When I first read about the Melvin Conway’s law on software structure, I didn’t agree that much. I was thinking on a different angle; business people was responsible to communicate with the costumer and it was their responsibility to pass tickets to us. Our responsibility was to implement them.
This is wrong in so many aspects. First of all, this abstraction would never work. A software crafter should be aware of the whole system she built in order to think generic enough. Also, a crafter will be able to contribute to the project with new and shiny ideas only if she can know the product itself. Conway’s words made sense after adopting this mind-set.

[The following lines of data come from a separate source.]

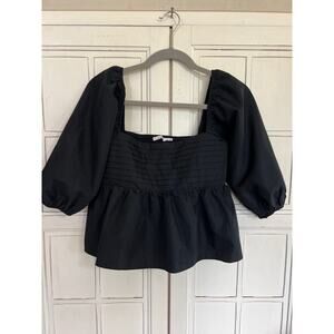 New with tags Mi Ami size medium black top. Puff sleeve. Elastic around the shoulders and cuffs. Measures 16” from armpit to armpit. Smocking in the back so has some stretch. It is 19” long from shoulder to bottom hem.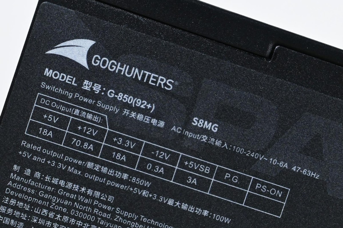 产品细节长城SPARK 850W机身尺寸为150mm x 140mm x 86mm,属于标准14CM短尺寸ATX电源规格,对于ATX/MATX机箱有着较好的兼容性表现;电源本身具备风扇智慧启停功能,在低负载下散热风扇会停转;电源散热滤网更换掉了老款猎金部落HUNTER LOGO,新版更名GOGHUNTER,并采用更有张力的新版鲨鱼鳍造型LOGO。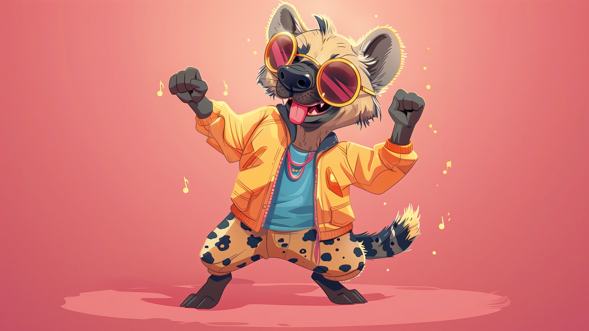 Description: A cartoon of a raccoon wearing a yellow jacket and sunglasses and dancing with his hands in the air.
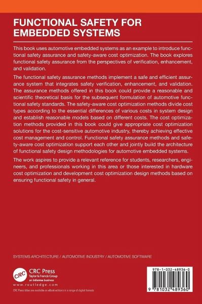 The functional safety assurance methods implement a safe and efficient assurance system that integrates safety verification, enhancement, and validation. The assurance methods offered in this book could provide a reasonable and scientific theoretical basis for the subsequent formulation of automotive functional safety standards. The safety-aware cost optimization methods divide cost types according to the essential differences of various costs in system design and establish reasonable models based on different costs. The cost optimization methods provided in this book could give appropriate cost optimization solutions for the cost-sensitive automotive industry, thereby achieving effective cost management and control. Functional safety assurance methods and safety-aware cost optimization support each other and jointly build the architecture of functional safety design methodologies for automotive embedded systems.

… organizations which design systems (in the broad sense used here) are constrained to produce designs which are copies of the communication structures of these organizations.
- M. Conway
What we do is all about people. Back in 90’s the cool thing was to write code that no one understands, today even our code needs to communicate with the people.
My duty in the second phase of apprenticeship is to join different teams at HolidayCheck. It’s highly encouraged to join teams focused on something other than software, which makes total sense as I explained above. By joining different teams, I will be able to learn more about not only product itself, but the culture that produces, sells, and monitors that product as a whole.
Second phase of my apprenticeship is an elegant touch which promises a lot. In worst case, it will create bonds across the teams, but for the best case, sky is the limit.